Георгий Квантришвили

Предисловие к публикации поэта

 

Машинопись венка сонетов «Ра» нашлась почти четверть века назад при разборе чудом сохранившегося архива поэта Александра Кремлёва. Кремлёву посвящена статья в первом номере «Графита». Но сонетный венок отношение к Кремлёву имеет косвенное. На жёлтых листках нестандартного размера указан автор – Коненко, тоже Александр. Вообще архив покойного авангардиста обнаружил широту эстетических вкусов.

Осевшие в архиве стихи коллег варьировались от крестьянских пасторалей Николая Жоголева до неоклассических строф Всеволода Лукина. Увы, четверть столетия назад авангард интересовал потомка куда больше неоклассики.

Равнодушно поелозив глазами по листкам, потомок почти ничего для себя не отметил. Разве что строчки о мятежном атамане Разине «Нам сохранили яд его корана угрюмые отроги Жигулей». Фраза осела в памяти, после чего порой напевалась на различные гимнические мотивы.

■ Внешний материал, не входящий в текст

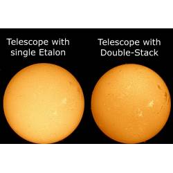 Ce filtre solaire étalon Double Stack est compatible avec tous les systèmes de filtres LS60FHa et les télescopes LS60THa de Lunt Solar Systems. En ajoutant ce système de filtre étalon Double Stack disponible en option, la largeur de bande passante peut être réduite jusqu'à environ <0,55 angström (selon le télescope utilisé). Il permet d’augmenter considérablement le contraste sur la surface du soleil pour vous permettre de visualiser davantage de détails.
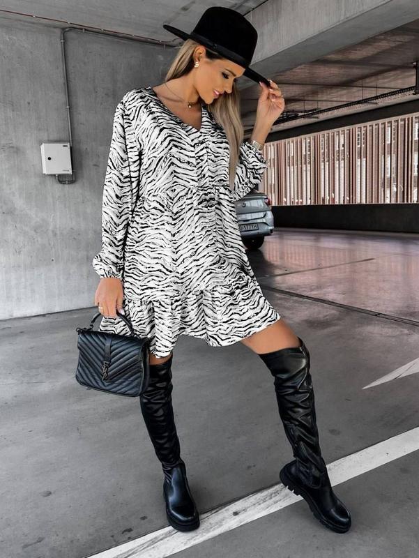 ☑️Модель 3171 ☑️Ткань: Софт принт ☑️Кольори: чорна-біла ☑️Размеры: 42-44; 46-48 Трендовое платье в стиле мини с пуговками спереди ❤️

Ну, разумеется, было бы грехом не заглянуть в справочник Тарасенкова. Александр Коненко в нём обнаружился. С единственной книгой. Изданной в 1925-м году. Отпечатаной почему-то в типографии Военного Комиссариата. Заглавие совпадает с заглавием венка сонетов. Попутно: Ра в данном случае – древнее название Волги.

То есть индоевропейское «RHA», известное от скифов и сарматов. А не более известный «RA», египетский бог Солнца. Волга – главный герой всех пятнадцати сонетов. О месте издания чуть позже, но это не Самара и вообще не Поволжье.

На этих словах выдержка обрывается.